* **Work item**: Below are the records; return every line from the one that contains "- For student" to the last, exactly, skipping the pictures.

* **Input records**:
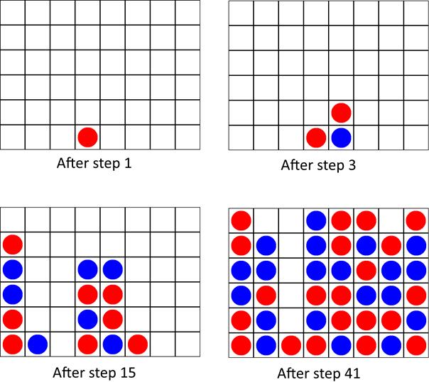 In order to illustrate the way the MCTS algorithm works, let us consider a game between two MCTS-based machine players in a well-known game of Connect-4. In each step, each of the players was allotted 7 second for a move. Four interesting steps were selected from the played game. The following figure shows snapshots of the game board taken in these four steps (after the move was performed). The statistics computed for each available action (move) just prior to the presented game positions are provided below in the text. Please note that Q and N denote the parameters from the UCT formula. The boundary values of Q are equal to 0 (expected loss for red) and 100 (expected victory for red), respectively.
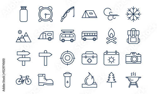Camping icon showing outdoor activity with tent and nature in modern outline style
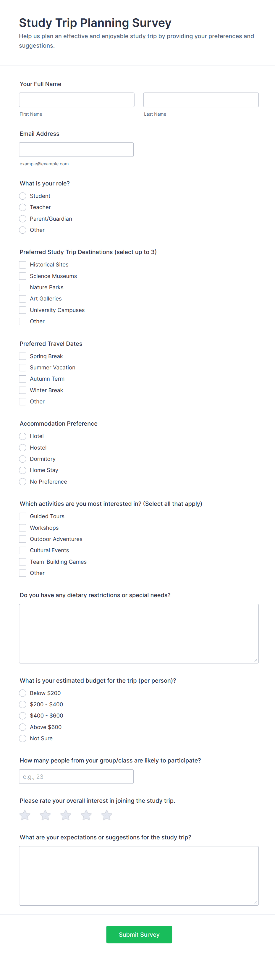 - For student or parent surveys, add questions about satisfaction, communication, and support services.
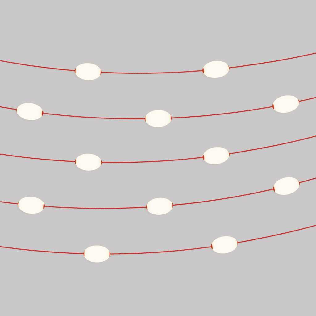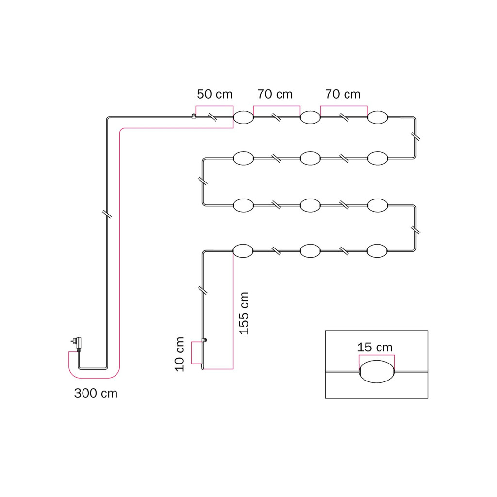 12 light points (bulbs included): LED, 12x2 W, 12x180 lm (total 2160 lm), warm light (2500 K), DC connector
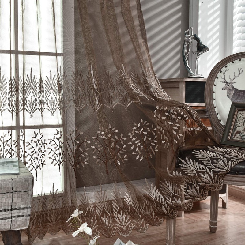 - DONREN Leaves embroidery sheer curtain is made of 100% high quality polyester which feel more soft and smooth.

* **Written solution**:
 - For student or parent surveys, add questions about satisfaction, communication, and support services.
 12 light points (bulbs included): LED, 12x2 W, 12x180 lm (total 2160 lm), warm light (2500 K), DC connector
 - DONREN Leaves embroidery sheer curtain is made of 100% high quality polyester which feel more soft and smooth.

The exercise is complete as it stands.